When the Board of the Central Bank in a small recently-decolonised Asian nation sought input from an appropriate international agency about an appropriate policy for the future, it was to convince an inexperienced government. The government was more likely to accept a suggested plan from an expatriate authorised adviser than one developed from within the Bank.
I was told the following story by a friend from that nation. The international expert sat down with each of the ‘Young Turks’ (overseas-trained, fast-rising, young economists). Obtaining their ideas about an appropriate development plan, he packaged into his report to the Board a consolidated version. Everyone was happy. The expert went home with a fat cheque.
Believing that what a European can do could surely also be done by an Asian, one of the Young Turks took off to advise one of the African nations for 3 years. It was lucrative.
He was not the first from that nation to become an expatriate consultant – on expatriate European levels of remuneration – to advise an African nation. As another friend of mine from that nation wrote to me, from his post as an expatriate consultant, the Africans were paying ‘white man’ fees to black consultants.
By the 1960s, there were quite a few economists from that nation in one or more international agencies. Perhaps appointments to such agencies did not involve the intangible, sub-surface, and allegedly flexible processes which were said to apply in nations in the developing world.

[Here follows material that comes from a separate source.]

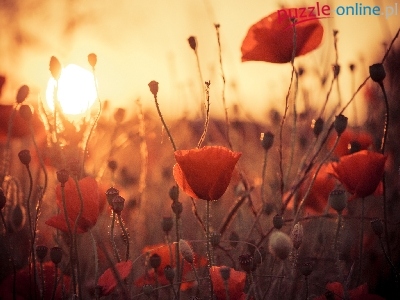 Puzzle Czerwone, Zachód, Słońca, Maki
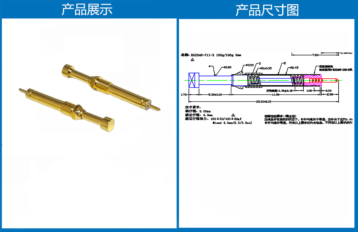 產品介紹:本產品一般用有定向作用的結束測試用,產品選用日本SK4 彈簧選用的是琴鋼線。工廠選用的材質都是比較硬的,有利于在測試的時候過大電流不會容易損壞。

Personal contacts and relative influence seem to have been disproportionately prevalent in these nations.
However, could even the most sensible, pragmatic, development plans devised by expatriate consultants overcome the stranglehold by the neo-colonial nations over the economies of developing nations? Then, there is the competition provided in the international market-place by developed nations such as Australia establishing themselves as growers of rice, tea, coffee, and tropical fruits, and thus damaging the much-needed export markets of the under-developed nations all over the world. As well, there is the confluence of the greed of some national leaders and the rapacity of the neo-colonial nations.
Add to that the foreign loans which have to be repaid; and the private charity monies which are reportedly deflected into non-development accounts in the receiving nation. In the 1960s, it was reported that, within 9 months, monies lent or given to certain Latin American nations would be back in U.S. bank accounts.
Expatriate advisers can only point the way forward.